The source of rain $\mathcal{S}_{q_{rai}}$ is a sum of the autoconversion, accretion, rain evaporation, and snow melt processes. Similarily, the source of snow $\mathcal{S}_{q_{sno}}$ is a sum of the autoconversion, accretion, snow deposition/sublimation, and snow melt processes. The sink of total water is equal to the sum of the rain and snow sources: $\mathcal{S}_{q_{tot}}$ = -$\mathcal{S}_{q_{rai}}$ - $\mathcal{S}_{q_{sno}}$. The sink of cloud liquid water $\mathcal{S}_{q_{liq}}$ is the sum of rain autoconversion, rain accretion with cloud liquid water, and snow accretion with cloud liquid water processes. The sink of cloud ice $\mathcal{S}_{q_{ice}}$ is the sum of snow autoconversion, snow accretion with cloud ice, and rain accretion with cloud ice processes. Following the conservation equations for mass, moisture, and precipitation the $\mathcal{S}_{q_{tot}}$ sink has to be multiplied by $\rho$ before adding it as one of the sink terms to both $\rho$ and $\rho q_{tot}$ state variables. The $\mathcal{S}_{q_{liq}}$, $\mathcal{S}_{q_{ice}}$, $\mathcal{S}_{q_{rai}}$, and $\mathcal{S}_{q_{sno}}$ sources have to be multiplied by $\rho$ before adding them as one of the source terms to $\rho q_{liq}$, $\rho q_{ice}$, $\rho q_{rai}$, and $\rho q_{sno}$state variables. For the conservation equation for total energy the source term due to microphysics processes is caused by either removing cloud condensate outside of the working fluid or by changing phase and releasing latent heat outside of the working fluid. Below, contributions from different microphysics processes are listed:\ The contribution from cloud liquid water to rain autoconversion, cloud liquid water accretion by rain, and rain evaporation is computed as:

\[\begin{equation} \left. \mathcal{S}_{\rho e} \right|_{precip} = - (I_l + \Phi) \rho \, \mathcal{S}_{q_{rai}} \end{equation}\]

where:

$I_l = c_{vl} (T - T_0)$ is the internal energy of liquid water,
$T$ is the temperature,
$T_0$ is the thermodynamic reference temperature (which is unrelated to the reference temperature used in hydrostatic reference states used in the momentum equations),
$c_{vl}$ is the isochoric specific heat of liquid water,
$\Phi$ is the effective gravitational potential.
$\mathcal{S}_{q_{rai}}$ is the source of rain from the above three processes.

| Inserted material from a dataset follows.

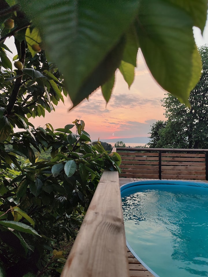 Mit Aussicht auf: Berg und Garten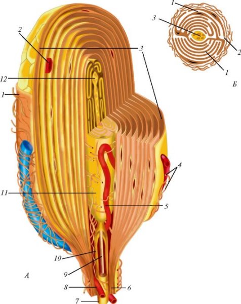 Это миелинизированное нервное окончание (дендрит) (кстати, оно относится к самым высокоскоростным, то есть, к А-альфа волокнам), кончик которого покрыт несколькими слоями (как луковица, чешуйками) клеток - ламелями.

The contribution from cloud ice to snow autoconversion, cloud ice accretion by snow, cloud liquid accretion by snow in temperatures below freezing, and snow deposition/sublimation is computed as:

\[\begin{equation} \left. \mathcal{S}_{\rho e} \right|_{precip} = - (I_i + \Phi) \rho \, \mathcal{S}_{q_{sno}} \end{equation}\]

where:

$I_i = c_{vi} (T - T_0) - I_{i0}$ is the internal energy of ice,
$c_{vi}$ is the isochoric specific heat of ice,
$I_{i0}$ is the difference in specific internal energy between ice and liquid at $T_0$,
$\mathcal{S}_{q_{sno}}$ is the source of snow from the above four processes.

The contribution from accretion of cloud liquid water by snow in temperatures above freezing is computed as:

\[\begin{equation} \left. \mathcal{S}_{\rho e} \right|_{precip} = ((1 + \alpha) I_l - \alpha I_i + \Phi) \rho \, \mathcal{S}_{q_{liq}} \end{equation}\]

where:

$\alpha = \frac{c_{vl}}{L_f}(T - T_{freeze})$
$\mathcal{S}_{q_{liq}}$ is the source of cloud liquid water from

accretion of cloud liquid water by snow in temperatures above freezing. The contribution from cloud ice accretion by rain (the result is snow) is computed as:

\[\begin{equation} \left. \mathcal{S}_{\rho e} \right|_{precip} = (I_i + \Phi) \rho \, \mathcal{S}_{q_{ice}} - \rho L_f \mathcal{S}_{q_{rai}} \end{equation}\]

where:

$\mathcal{S}_{q_{ice}}$ and $\mathcal{S}_{q_{rai}}$

are the sinks of cloud ice and rain due to accretion.. Finally, the contribution from accretion between rain and snow as well as snow melting into rain is computed as:

\[\begin{equation} \left. \mathcal{S}_{\rho e} \right|_{precip} = \rho L_f \mathcal{S}_{q_{sno}} \end{equation}\]

where:

$\mathcal{S}_{q_{sno}}$ is the source of snow in those two processes.